AgentAssay tests any agent that can be wrapped as a function. The function takes a dictionary of inputs and returns an ExecutionTrace that records what the agent did.

from agentassay.core.models import ExecutionTrace, StepTrace

def my_agent(input_data: dict) -> ExecutionTrace:
    """Your agent logic goes here.

    In practice, this wraps your real agent framework.
    For this example, we simulate a simple agent.
    """
    prompt = input_data.get("prompt", "")

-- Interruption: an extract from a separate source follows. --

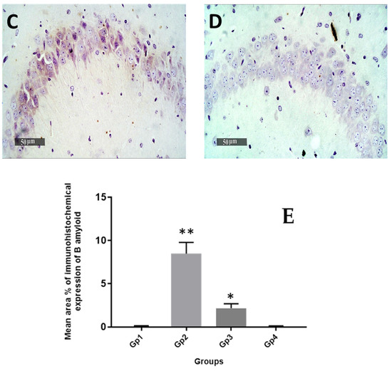 Table 2 shows that the normal level of Aβ and Tau proteins in normal mice (Gp 1) are significantly (p < 0.05) different from other groups, where Gp 2 showed the highest levels among all groups. Gps 3 and 4 show significantly (p < 0.05) lower levels than Gp 2. It has been reported that there is a mutual effect between Aβ1-42 and IL-6, where IL-6 stimulates the production of the β-amyloid precursor protein (APP), and contrarily, IL-6 is upregulated upon stimulation with the carboxy-terminal 105 amino acids of APP, enhancing the neuronal damage induced by Aβ1-42 [40].

    # Simulate the agent doing work
    steps = [
        StepTrace(
            step_index=0,
            action="llm_response",
            llm_input=prompt,
            llm_output=f"Response to: {prompt}",
            model="gpt-4o",
            duration_ms=250.0,
        ),
    ]

    return ExecutionTrace(
        scenario_id="quickstart",
        steps=steps,
        input_data=input_data,
        output_data={"response": f"Response to: {prompt}"},
        success=True,
        total_duration_ms=250.0,
        total_cost_usd=0.001,
        model="gpt-4o",
        framework="custom",
    )

3. Token-Efficient Testing: Know How Many Trials You Need

Before running a full test suite, let AgentAssay tell you the minimum number of trials each scenario requires. This avoids over-testing (wasting tokens) and under-testing (missing regressions).

from agentassay.efficiency import BehavioralFingerprint, AdaptiveBudgetOptimizer

# Step 1: Run a small calibration set (10 trials)
calibration_traces = [my_agent({"prompt": "Hello"}) for _ in range(10)]

# Step 2: Let the optimizer compute the minimum N
optimizer = AdaptiveBudgetOptimizer(alpha=0.05, beta=0.10)
estimate = optimizer.calibrate(calibration_traces)

print(f"Recommended trials: {estimate.recommended_n}")         # e.g., 17
print(f"Estimated cost: ${estimate.estimated_cost_usd:.2f}")   # e.g., $0.34
print(f"Savings vs fixed-100: {estimate.savings_vs_fixed_100:.0%}")  # e.g., 83%

The optimizer measures behavioral variance from the calibration runs and computes the exact minimum N for your target confidence level. Low-variance scenarios need fewer trials. High-variance scenarios get more.

4. Write a pytest Test

import pytest
from agentassay.core.models import TestScenario
from agentassay.plugin.pytest_plugin import assert_pass_rate

@pytest.mark.agentassay(n=30, threshold=0.80)
def test_my_agent_pass_rate(trial_runner):
    """Test that the agent passes at least 80% of trials."""
    runner = trial_runner(my_agent)

    scenario = TestScenario(
        scenario_id="greeting",
        name="Greeting test",
        description="Agent should respond to a greeting",
        input_data={"prompt": "Hello, how are you?"},
        expected_properties={"max_steps": 5},
    )

    results = runner.run_trials(scenario)
    passed = [r.passed for r in results]

    assert_pass_rate(passed, threshold=0.80, confidence=0.95)

5. Run the Test

python -m pytest test_my_agent.py -v

You will see output like:

test_my_agent.py::test_my_agent_pass_rate PASSED

============================= AgentAssay Summary ==============================
  assert_pass_rate: rate=100.00% [93.02%, 100.00%] (30/30 trials) verdict=PASS
  AgentAssay totals: 1 tests -- 1 PASS, 0 FAIL, 0 INCONCLUSIVE

6. Detect a Regression with Behavioral Fingerprinting

Instead of comparing raw outputs (expensive, noisy), compare behavioral fingerprints:

from agentassay.efficiency import BehavioralFingerprint
from agentassay.plugin.pytest_plugin import assert_no_regression

def test_no_regression():
    """Compare baseline and current agent using behavioral fingerprints."""
    # Run both versions
    baseline_traces = [baseline_agent({"prompt": "Book a flight"}) for _ in range(20)]
    current_traces = [current_agent({"prompt": "Book a flight"}) for _ in range(20)]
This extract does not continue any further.